*** Opening MATERIAL SUPPLIED ***

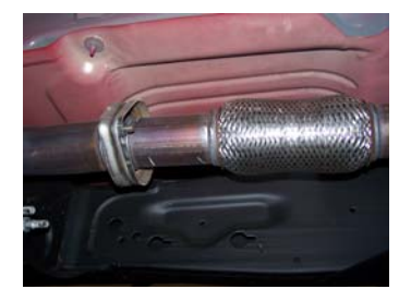
2. To remove stock exhaust, unbolt it at the flange behind the Y-pipe. Make sure to leave all rubber grommets in the factory location. You will reuse stock nuts and bolts. For easier removal of exhaust, cut behind the muffler. Use WD-40 to remove hangers from grommets.

1. Disconnect the negative battery cable before removal of OEM exhaust. This will allow the computer to reset and recognize the new exhaust. Lay out the exhaust on the floor so it looks like the drawing and compare parts with manual.
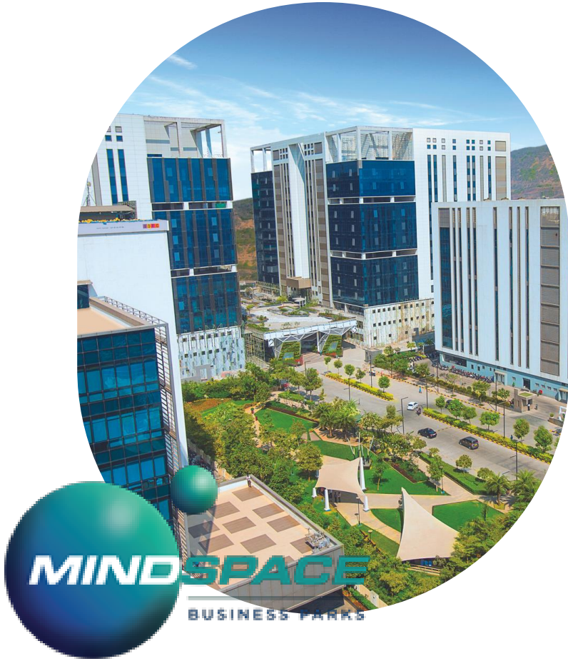
MINDSPACE - Aeroli West Mumbai, India
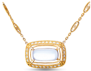
Louis Comfort Tiffany Moonstone and Plique-a-Jour Enamel Pendant Necklace
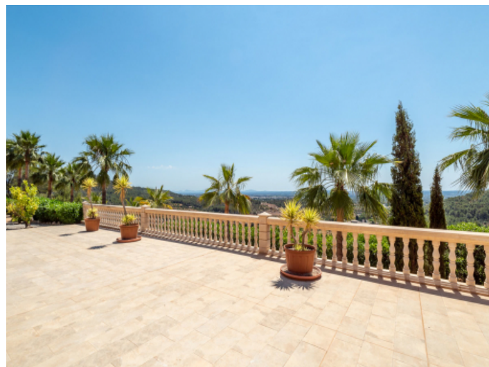
Terrace with views over the landscape
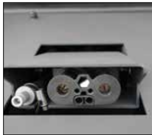
Rear charging port
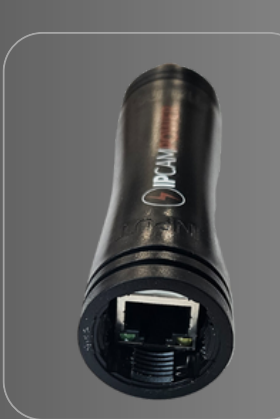
End with Grommet Screwed ON
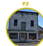
F2 74 Montcalm St. Demo of Agway Building
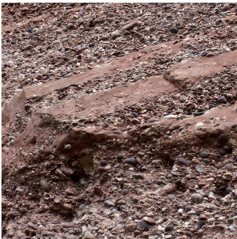
Park Hall Conglomerates.

Please meet at the visitor centre car park, off Hulme Road, Weston Coyney at 10am OS grid reference SJ 930447
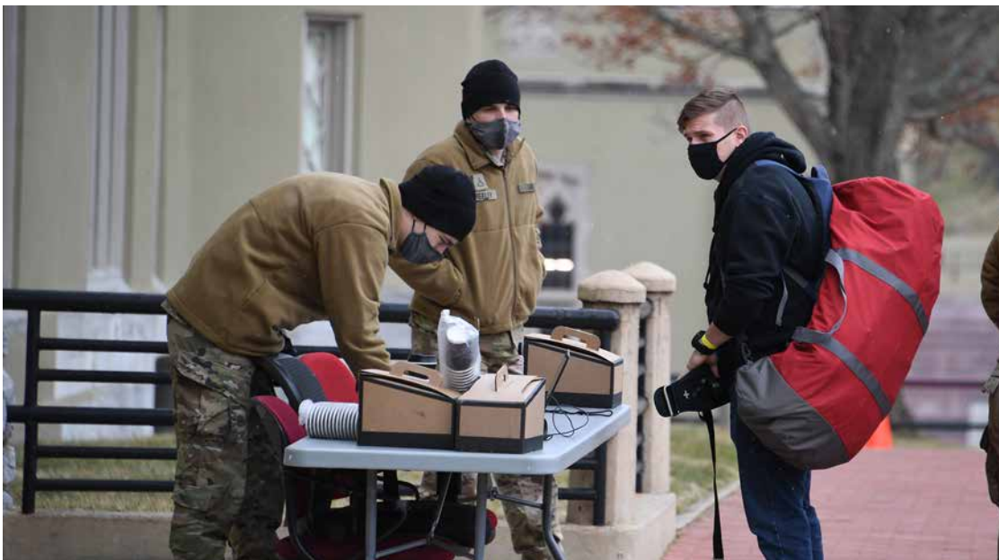
Cadets check in to move their things back into barracks after Christmas furlough. Cadets received brightly colored bracelets to indicate their COVID-19 test results.

This semester has brought with it, though, an increase in the percentage of classes being offered in person. For spring 2021, 64 percent of classes are being offered in-person, with 22 percent hybrid and 14 percent online. During the fall semester, 44 percent of
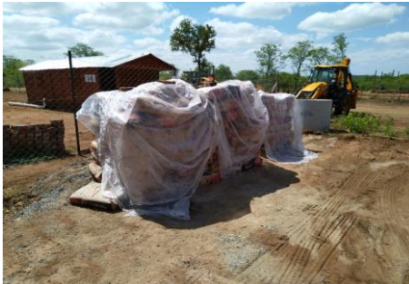
Cement on site.
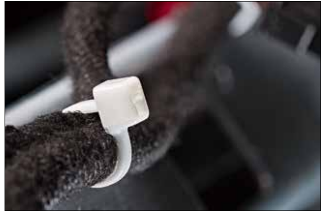
White T-Series cable ties for higher fire protection (PA66V0).
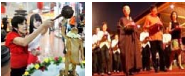
Fig. 36 Singapore Buddhist women's costumes for their religious festivals
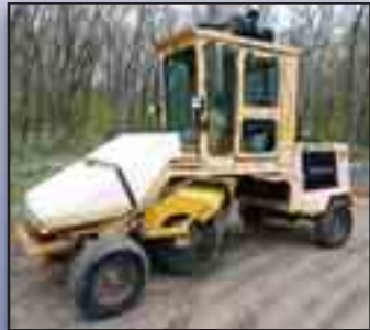
'06 WALDON SM-250

2006 WALDON Model SM-250 Self Propelled Broom , s/n 30975-012, powered by 4 cylinder diesel engine and hydrostatic transmission, equipped with 7' hydraulic angle broom, water system, enclosed cab with heat, and 225/75R15 tires. In good condition with fair tires.

*** Closing MATERIAL SUPPLIED ***

TASK PROMPT: Among the entries above, find the line with "1. Disconnect the" and repeat exactly from there through the line with "End with Grommet Screwed ON", leaving out the pictures.

SOLVED PROBLEM:
1. Disconnect the negative battery cable before removal of OEM exhaust. This will allow the computer to reset and recognize the new exhaust. Lay out the exhaust on the floor so it looks like the drawing and compare parts with manual.
MINDSPACE - Aeroli West Mumbai, India
Louis Comfort Tiffany Moonstone and Plique-a-Jour Enamel Pendant Necklace
Terrace with views over the landscape
Rear charging port
End with Grommet Screwed ON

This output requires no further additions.